Geralt stracił orientację. Wiedząc, że może nie zdążyć, uderzył dłoniom w ziemię, schylając się równocześnie. Fosforyzujący zielenią klosz zajaśniał na krótką chwilę, odpychając równocześnie uderzenie z lewej strony. Będąc ciągle nisko na nogach, ciął mieczem z rozmachu w domniemane nogi elfa, lecz gdy jego broń nie napotkał oporu, składając palce w lewej ręce, zaatakował Aardem przed siebie. Drow uderzony siłą porównywalną do młota, poleciał w tył, opuszczając kulę ciemności i wyrżną ciężko plecami o ziemię. Będąc ogłuszonym, przeturlał się na bok, walcząc z otumanieniem.
- Guenhwyvar! – zawołał Drizzt.

Geralt wyleciał od razu za Drizztem. Kiedy ciemność w końcu opuściła wiedźmina, zobaczył on leżącego na ziemi Drowa. Nagle usłyszał skandowanie elfa, w tym samym czasie co poczuł drganie amuletu. Spodziewając się magicznego ataku, skrzyżował przeguby, uwalniając magię znaku Heliotropu. Niebieska kula, niczym fala uderzeniowa, rozproszyła się dookoła wiedźmina, odpychając atak, który pojawił się za nim. Nie spodziewając się takiego ruchu, Geralt zaatakował na odlew za plecami, obracając się równocześnie. Zobaczył czarną panterę, gotującą się do ponownego ataku. Łącząc szybko fakty, wypuścił stalowy miecz z ręki i sięgnął po srebrny. Nie zdążył. W momencie kiedy brzeszczot wbił się płytko w ziemię, czarny kot rzucił się Geraltowi do gardła. Amulet siwowłosego drgał jak szalony. Nie tracąc zimnej krwi, Geralt złapał w ostatnim momencie magicznego stwora za szyję i zaczął okładać łeb pantery. Nabijane srebrnymi ćwiekami rękawice po raz kolejny zdały egzamin. Już po chwili kot zrezygnował z ataku i chciał się wycofać, lecz Geralt go nie puszczał. Kot bezsilnie drapał łapami w ziemię po bokach wiedźmina, chcąc się oswobodzić. Po dwóch sekundach wiedźmin zadał ostatni cios i odepchnął kota kolanem. Oszołomiona pantera upadła na bok, lecz momentalnie wstała, chwiejąc się na nogach.
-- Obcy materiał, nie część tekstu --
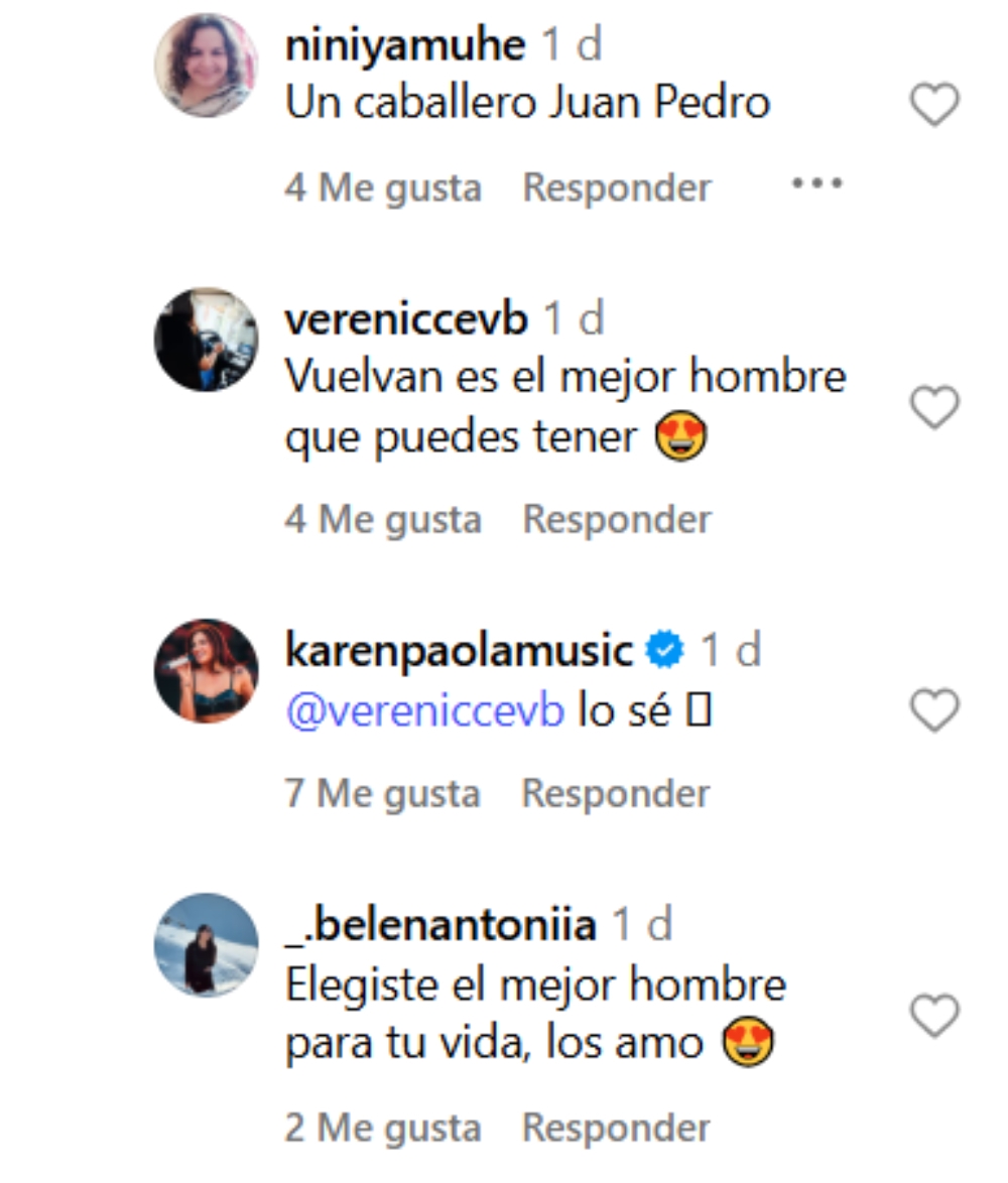 Posteriormente, una usuaria indicó su deseo de que Karen y Juan Pedro volvieran y consideró que el influencer es “el mejor hombre que puede tener”. La respuesta de la artista fue clara: “Lo sé”.

Zanim jeszcze kot zdążył wstać, Geralt był już na nogach, wyciągając srebrny miecz z pochwy.

Drizzt przez kilka długich sekund walczył z nieznośnym oszołomieniem. Kiedy po raz ostatni potrząsnął głową, zobaczył siwowłosego, idącego szybko w stronę Guenhwyvar mieczem
w dłoni. Jak przez sen widział szybkie kłucie wiedźmińskiego miecza w tułów kota. Jak
w swoim największym koszmarze, zobaczył nieudany unik kota. Jej jęk.

- Guenhwyvar, wracaj! – krzyknął niemalże płaczliwym tonem.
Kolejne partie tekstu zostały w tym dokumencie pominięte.